On Friday, he held a yard sale to get rid of all the things he no longer needed, cared for, or used now that he has entered a new mindset.

“There’s a ton of stuff in here that I used to use, but I am selling because what’s even the point anymore. The world is ending anyway,” said Jenkins. Many of the items he has placed for sale are artifacts of previous projects and goals he began and abandoned throughout the past seven months in quarantine, which he refers to as “eras”. 

“This right here, is from my fitness era,” said Jenkins as he hauled a box onto the table.

Inside the box were healthy cookbooks, dumbbells and resistance bands, a FitBit, a treadmill, and even a personal trainer named Brett (who was packaged in a box filled with cotton, still barely muffling the enthusiastic sounds it emitted). “During my fitness era, which was back around April, I was really excited at the prospect of being able to get super fit so once quarantine ended I’d look really good,” said the gloomy teenager, who had gained 47 pounds since then and is now unrecognizable for a different reason than he had hoped.
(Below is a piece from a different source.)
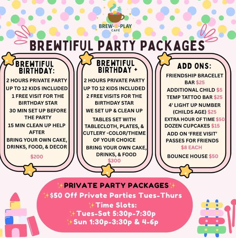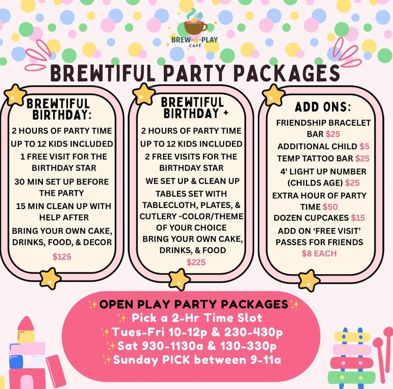Celebrate your child's special day with a private or open play party! ✨

Another box, labeled “school era,” was full of items that Jenkins used at the beginning of the school year that are useless now. The box contained items such as pencils, notebooks, the Zoom camera feature, his Google Drive account, and a small box labeled “selfshort.” 

“I’ve decided to sell my selfshort,” said a dejected Jenkins to reporters as his tearful mother and disgruntled father hugged and comforted him. “It would be an emotional decision, since I’ve been working so hard the past couple years, but I just have no desire to succeed anymore. We’re all living in a simulation anyway,” said Jenkins.

Jenkins’ yard sale was full of many other eras of quarantine boxed up for buyers, such as his “crafts era,” “money making era,” “cleaning era,” “music era,” “knowledge era,” and “skincare era.” 

Some items, such as the dumbbells, were unpopular among buyers, who had dumbbells of their own at home. However, others were extremely popular and led to bidding wars.

“I really need this for my daughter, and I’m so happy I got it,” said Paula Newton, who paid $3,000 for Jenkins’ desire to succeed after winning a bidding war. “She lost hers awhile back and I couldn’t find it anywhere,” said Newton.

Watching their son let go of his past eras and completely give up was an extremely emotional occasion for Amy and John Jenkins, who had watched their son transform throughout quarantine as he picked up and abandoned more and more hobbies.

“I’m so worried about him,” said a sobbing Mrs. Jenkins once outside of Kyle’s earshot. “I just want him to be happy. I don’t know how he is going to get out of this, or adapt to life again once quarantine ends.”

Kyle’s dad was far less worried.

“This is part of growing up in a pandemic,” said Mr. Jenkins. “Everybody has to go through it. He will get back on his feet eventually, if he stops feeling sorry for himself. His situation is no different than any other teenager since the beginning of time.”

Jenkins has already decided what he is going to do with the money he earns from the yard sale. “I am going to give myself the unproductive and useless life I deserve,” said Jenkins. “I am going to give up better than anyone else in the world. I’m gonna use that money to buy movies, video games, 10-foot extension cables, a mini fridge, food, a TV, and a custom-designed bed that I won’t leave for the next several months.”